Insomnia disorder (ID) is the most common sleep disorder in adults with a prevalence range from about 4 to 22%, and an average of at least about 10% in the general population [1–3]. The Diagnostic and statistical manual of mental disorders-fifth edition (DSM-5) and the third edition of International classification of sleep disorders (ICSD-3) criteria [1,4] define ID as difficulties in falling and/or maintaining sleep or early morning awakening occurring for at least three times per week over a period of at least three months, not attributable to sleep-disrupting external conditions, and accompanied by subjective daytime complaints, for example fatigue, mood disturbance, poor concentration or memory impairment [5–7]. People with ID experience a lower quality of life, and may have an increased risk of road and motor vehicle accidents [5,6,8]. In addition, ID is a common comorbid condition in several psychiatric disorders including major depressive disorder (MDD), posttraumatic stress disorder (PTSD), anxiety, alcohol or drug abuse, bipolar disorder, eating disorder, obsessive compulsive disorder, and psychotic disorders [9–15]. Annual costs associated with ID-related absenteeism and productivity losses in Canada were estimated at $970.6 million and $5 billion, respectively [16]. ID has a strong association with days-out-of-role, which is independent from comorbidity [17]. Results from the America insomnia survey demonstrated that insomnia was associated with substantial workplace costs and lost work performance due to presenteeism [18]. Also, it accounts for 4.6% of injuries requiring medical attention [19]. Neurobiological and psychological studies have suggested various genetic, behavioral, cognitive, and emotional risk factors for the development and maintenance of insomnia symptoms [1]. Impaired daytime functioning due to insomnia is associated with cognitive deficits, interpersonal distress, low work productivity, and high sick leave [20–22]. However, despite the high socioeconomic burden [23], the neurobiology of ID remains poorly understood [1,24].

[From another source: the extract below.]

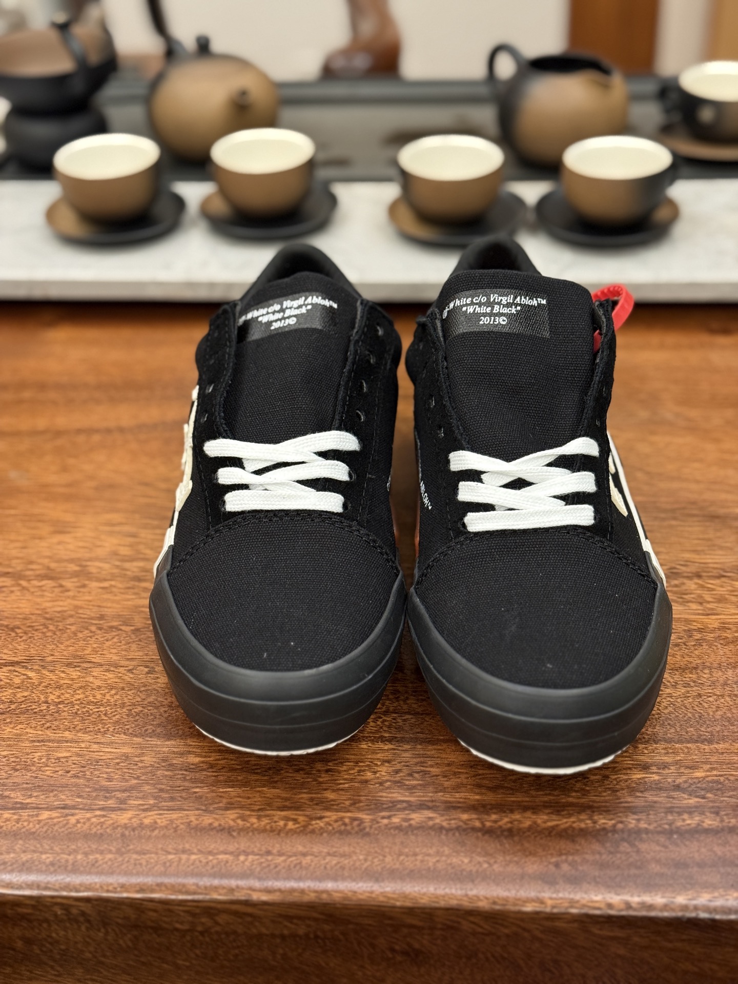 Off-White c/o Virgil Abloh Vulc Low Top 箭头低帮硫化帆布板鞋 尺码:36 37 38 39 40 41 42 43 44 45 46 47 Off-White 近日才发布其春夏新款鞋履,紧跟着就推出全新秋冬鞋款。此番带来的是一系列“ Off-Court ”运动鞋,其中除了基础的黑、白色 Vulc Low-Top 还有一双充满街头韵味的棋盘格元素,亮点其实在鞋内侧的橙色瓶贴以及鞋带头的橙色细节处理。该品牌标志性的箭头标志,防盗扣和鞋带的设计以及鞋后跟的字样也极具“THE TEN”系列的影子。

Over the last decade, a number of structural and functional neuroimaging studies, including voxel-based morphometry (VBM), positron emission tomography (PET), task-based functional magnetic resonance imaging (t-fMRI), and resting-state functional magnetic resonance imaging (rs-fMRI) have been conducted on patients with ID. For review see: [24–26]. Structural MRI studies demonstrated grey matter atrophy in the orbitofrontal cortex, temporal cortex, precuneus and hippocampus, as well as grey matter volume increase in the anterior cingulate cortex (ACC) in patients with ID compared to good sleepers [27–31]. Functional differences have also been reported in studies on ID. PET studies revealed an altered neural metabolism in the general arousal system including the ascending reticular activating system and hypothalamus, in the emotion-regulating system including the hippocampus, amygdala and ACC, and in the cognitive system including the prefrontal cortex [32,33]. Task-based fMRI studies suggested abnormal activation in various regions including the amygdala, temporal lobe, and frontostriatal networks including the caudate nucleus and inferior frontal gyrus [34–39]. Rs-fMRI studies reported abnormal connectivity patterns in ID [40–46] e.g., increased functional connectivity between the insula and salience network [47] and between hippocampi and the left middle frontal gyrus [48]. Thus, the available neuroimaging findings in ID are divergent. The variability of the findings has been suggested to be due to the explorative nature of the studies in combination with relatively small sample sizes and due to heterogeneous patient groups that differed in several key aspects including diagnostic criteria, duration and severity of disease, age, gender, imaging acquisition, preprocessing, and analysis methods [24,49–51], and a plea for subtyping insomnia to reduce heterogeneity has been made recently [8].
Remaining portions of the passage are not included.